Question

How to complete Number 2 of this Question? Algebra 2

Answer 1

##2)

The equation given is

`y=-2x+4`Domain

The domain is the set of x-values for which the function is defined.

A linear function is defined for all values of x. Thus, the domain is

`D=(-\infty,\infty)`Range

The range is the set of y-values for which the function is defined.

A linear function is defined for all values of y. Thus, the range is

`R=(-\infty,\infty)`Zeros and x-intercept

The zero(s) and the x-intercept are essentially the same thing. This is the point where the line cuts the x-axis. We find this by setting y = 0. Shown below:

`\begin{gathered} y=-2x+4 \\ 0=-2x+4 \\ 2x=4 \\ x=(4)/(2) \\ x=2 \end{gathered}`

The zero is x = 2

The x-intercept is (2, 0)

y-intercept

The y-intercept of a line is the point where the line cuts the y-axis. It is found by setting x = 0. Shown below:

`\begin{gathered} y=-2x+4 \\ y=-2(0)+4 \\ y=0+4 \\ y=4 \end{gathered}`

The y-intercept is y = 4.

Continuity

A linear function is continuous at all points. So, the line is continuous at the interval:

`(-\infty,\infty)`

Increase Interval

This is the interval on which the graph of the line is increasing.

The graph of the line shows that the line is always decreasing. So, it doesn't increase on any interval.

`\emptyset`

Decrease Interval

This is the interval on which the graph of the line is decreasing.

The graph of this line shows that the line is always decreasing.

So, the interval on which the line is decreasing is:

`(-\infty,\infty)`Maximum and Minimum

A straight line cannot have maximum or minimum unless we are given an interval.

Since we aren't given any interval. There is no min or max of a line.

Value of f(-1) and f(15)

We have to find the values of the function (y = -2x + 4) at x = -1 and x = 15.

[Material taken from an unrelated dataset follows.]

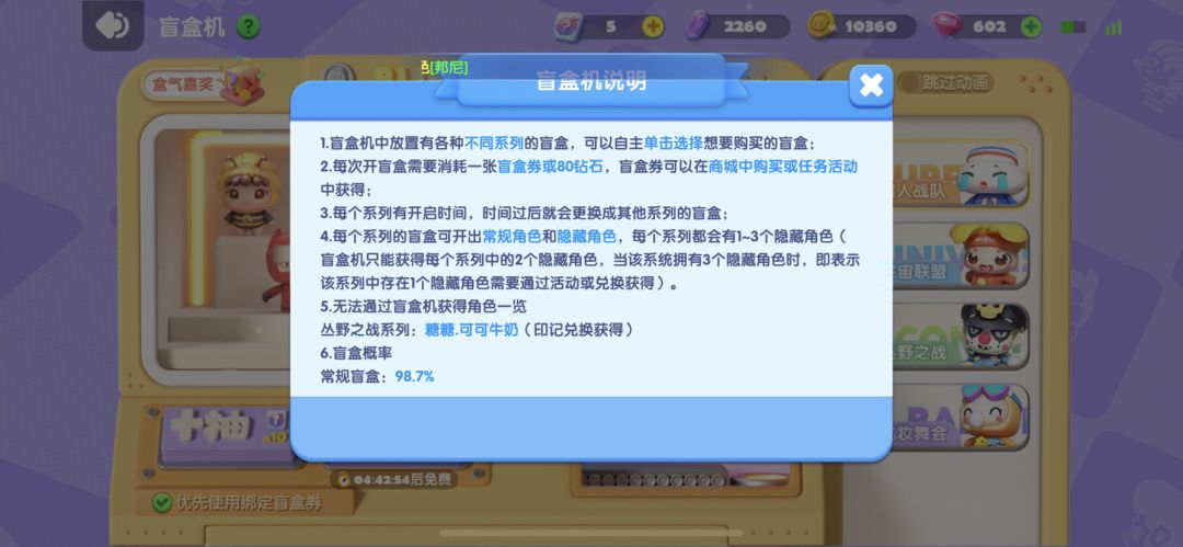 1、盲盒(抽卡)机制合理:泡泡超人的盲盒机制我认为是有点让人不愉快的,以前嫉妒欧皇,这个游戏没有特别的欧皇,每个卡池有大隐藏有小隐藏(游戏内没有公示大小隐藏概率不同),要想抽到大隐藏必须抽出相应的3-5个相同的小隐藏,这真的让人很不愉快(没有人想一直抽同款),简直不是一个抽奖游戏(运气好也抽不到),只能靠堆数量才达到目的。我认为大隐藏的概率和小隐藏的概率有高有低以作区分是可以的,但是没必要一定要保底几个小隐藏才能得到大隐藏。(游戏中公示的隐藏盲盒概率1.3%富含水分)

Let's write the equation of the line in functional notation:

`\begin{gathered} y=-2x+4 \\ f(x)=-2x+4 \end{gathered}`

We will substitute x = - 1 and x = 15 into the function and find the corresponding values. Shown below:

`\begin{gathered} f(x)=-2x+4 \\ --------------- \\ f(-1)=-2(-1)+4 \\ f(-1)=6 \\ --------------- \\ f(15)=-2(15)+4 \\ f(15)=-26 \end{gathered}`

As x → - ∞ and x → ∞

We have to find "where" the function (line) approaches as x approaches negative infinity and positive infinity.

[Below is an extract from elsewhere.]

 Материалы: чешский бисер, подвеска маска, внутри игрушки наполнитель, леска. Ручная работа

From the graph, we clearly see that as x → - ∞, y → ∞, and

as x → ∞, y → - ∞

So,

`\begin{gathered} x\rightarrow-\infty,y\rightarrow\infty \\ \text{and} \\ x\rightarrow\infty,y\rightarrow-\infty \end{gathered}`Vertical Asymptote and Horizontal Asymotote

Vertical asymptotes occur where the denominator becomes zero as long as there are no common factors.

Horizontal asymptotes are horizontal lines that the graph of the function approaches as x tends to +∞ or −∞.

A line doesn't have any vertical or horizontal asymptotes.